Back to LA and incompetent, negligent lawyers
Here we are again, from LA to San Quentin, to San Francisco and back again. Back to LA and the sad excuse for a defence team on whom much of this rests. Their failure to fight this case in every way is sickening, especially as they had so much material to work with. Weak evidence not being the only thing. They had a duty to expose everything and cross-examine the charges against Richard; they failed. An obligation to investigate and fully present his mental impairments; they failed. A responsibility to provide the jury with counter-evidence to consider; they failed. A duty to submit, at mitigation, his whole life history; they failed.
Let’s stop with the “smart criminal” rhetoric; it’s a load of rubbish; if a man with a high IQ committed these crimes, that man could not have been Ramirez.
He cannot be the man who flummoxed LASD and SFPD, dancing rings around them, evading capture, like a coked-up, latter-day Scarlet Pimpernel, and also be the man who took part in these tests. One of those scenarios is blatantly inaccurate; he can’t be a criminal mastermind while simultaneously being unable to sort out a pack of playing cards. Take your pick.
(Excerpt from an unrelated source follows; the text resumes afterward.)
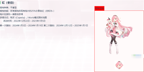 红在后期还有一个冬日形态,这个形态当中的红在基础的外观上面有了更多的变化,比如这里身上的裙子有了更多的绒边设计,也穿上了长靴,手中的小熊也改变了穿着,但是从整体的外观上面看白色元素增加以后,还是保留了大部分的红色设定,但是大部分裙子的颜色都变成了跟头发类似的粉红色,这个冬日形态的红其实是类似于皮肤的设定,除了外观之外,不会带来其他属性方面的数值变化。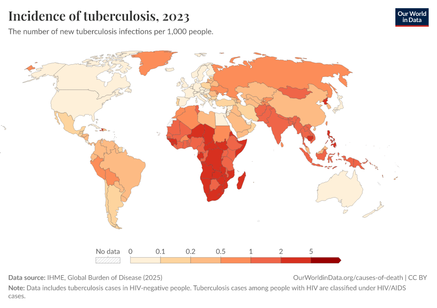 IHME, Global Burden of Disease (2025) – with major processing by Our World in Data. “Incidence of tuberculosis” [dataset]. IHME, Global Burden of Disease, “Global Burden of Disease - Prevalence and Incidence” [original data]. Retrieved March 12, 2026 from https://bespoke-income-plots.owid.pages.dev/grapher/incidence-of-tuberculosis

What does this tell us about justice? There is none, not for an indigent defendant on a capital charge, and who has the bad luck to have a pitiful defence team.
“2060. Petitioner’s convictions, sentences, and confinement were obtained as the result of serious errors constituting multiple violations of his fundamental constitutional rights at every phase of his trial, from the unfair and discriminatory decision to charge and prosecute him, prosecutorial misconduct, the presentation of inaccurate, incomplete and unreliable evidence in the guilt phase, and culminating in a sentencing phase, in which no evidence of his character, background, and mental illness was presented, and was fatally flawed by gross prosecutorial misconduct. Through it all, Petitioner’s trial counsel were so ineffective and incompetent that they consistently provided grossly ineffective representation and failed to protect his fundamental rights.”